YOUR INSTRUCTIONS: Could you please output all of the data exactly, without the images?

PROVIDED MATERIAL:
=== Begin Enclosure ===
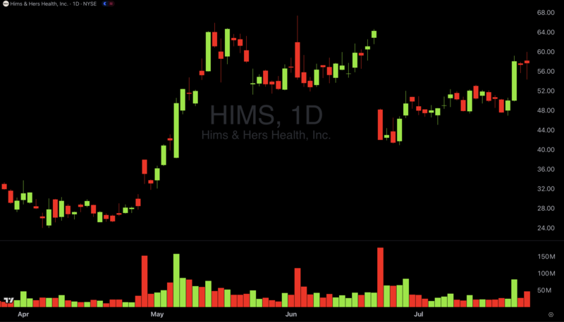 HIMS up 14% this week as the stock gained momentum amid a short-covering rally on Wednesday.
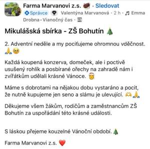 V prvním prosincovém týdnu se naše škola zapojila do krásné předvánoční akce – Mikulášské nadílky pro zvířata z Farmy Marvanovi. Žáci, rodiče i zaměstnanci školy společně vytvořili sbírku, která potěšila nejen zvířecí obyvatele farmy, ale i její majitele.
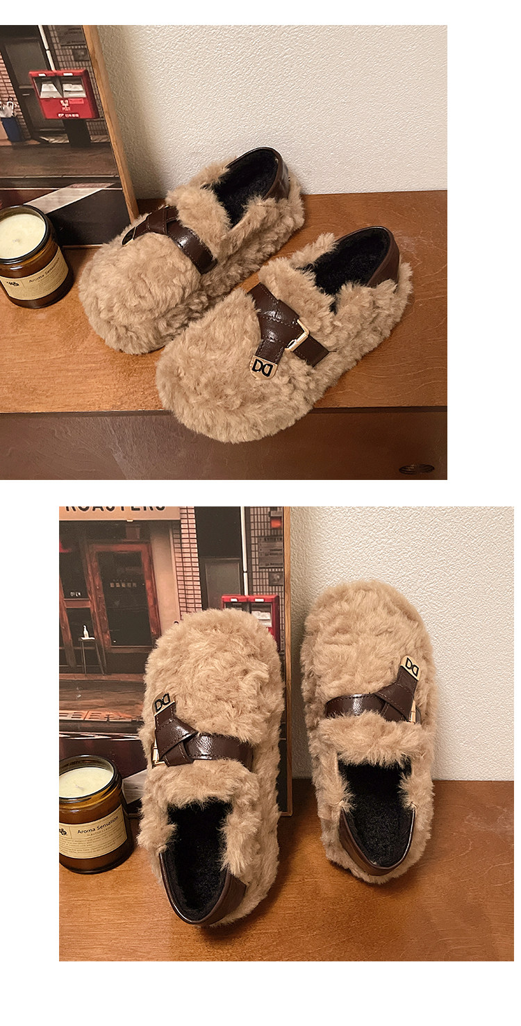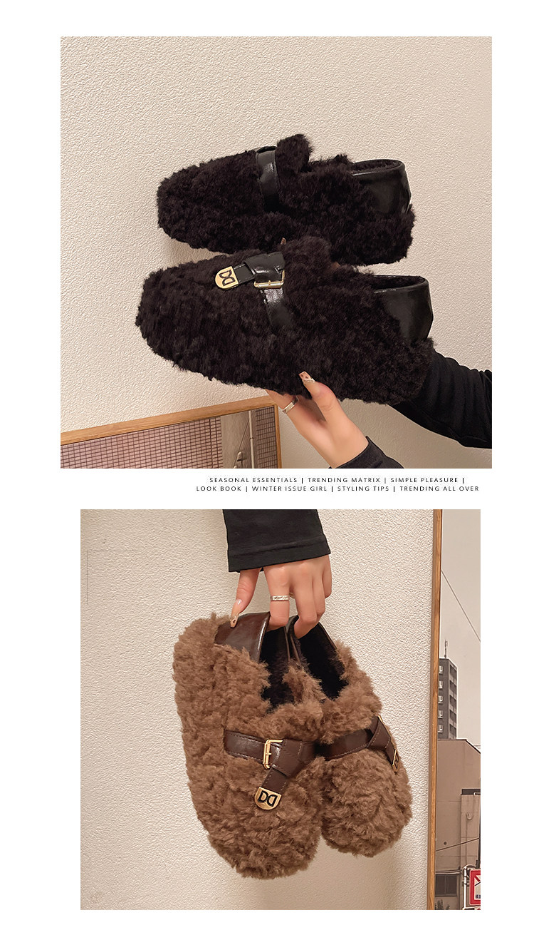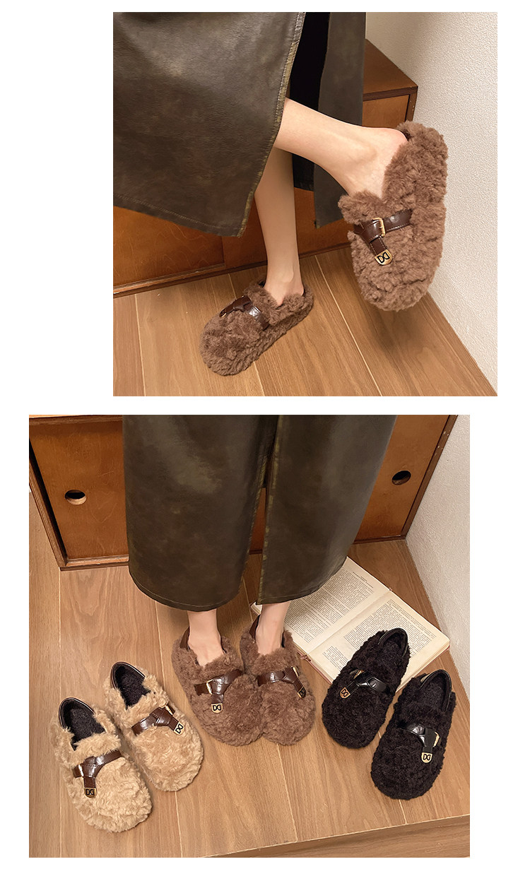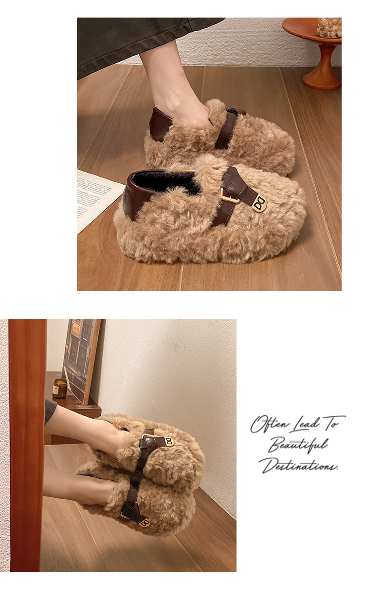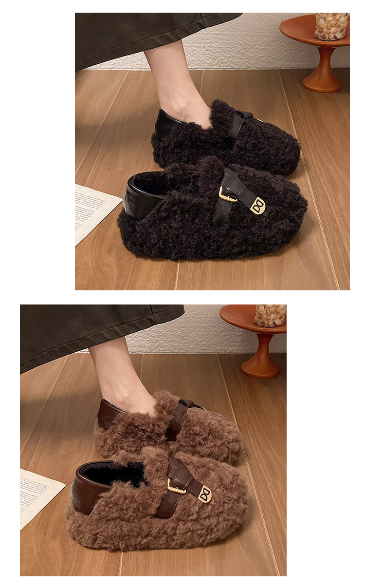 黑色厚底毛毛鞋女增高羊羔絨拖鞋保暖2025冬季新款豆豆鞋女士棉鞋
=== End Enclosure ===
RESPONSE TO THIS TASK:
 HIMS up 14% this week as the stock gained momentum amid a short-covering rally on Wednesday.
 V prvním prosincovém týdnu se naše škola zapojila do krásné předvánoční akce – Mikulášské nadílky pro zvířata z Farmy Marvanovi. Žáci, rodiče i zaměstnanci školy společně vytvořili sbírku, která potěšila nejen zvířecí obyvatele farmy, ale i její majitele.
 黑色厚底毛毛鞋女增高羊羔絨拖鞋保暖2025冬季新款豆豆鞋女士棉鞋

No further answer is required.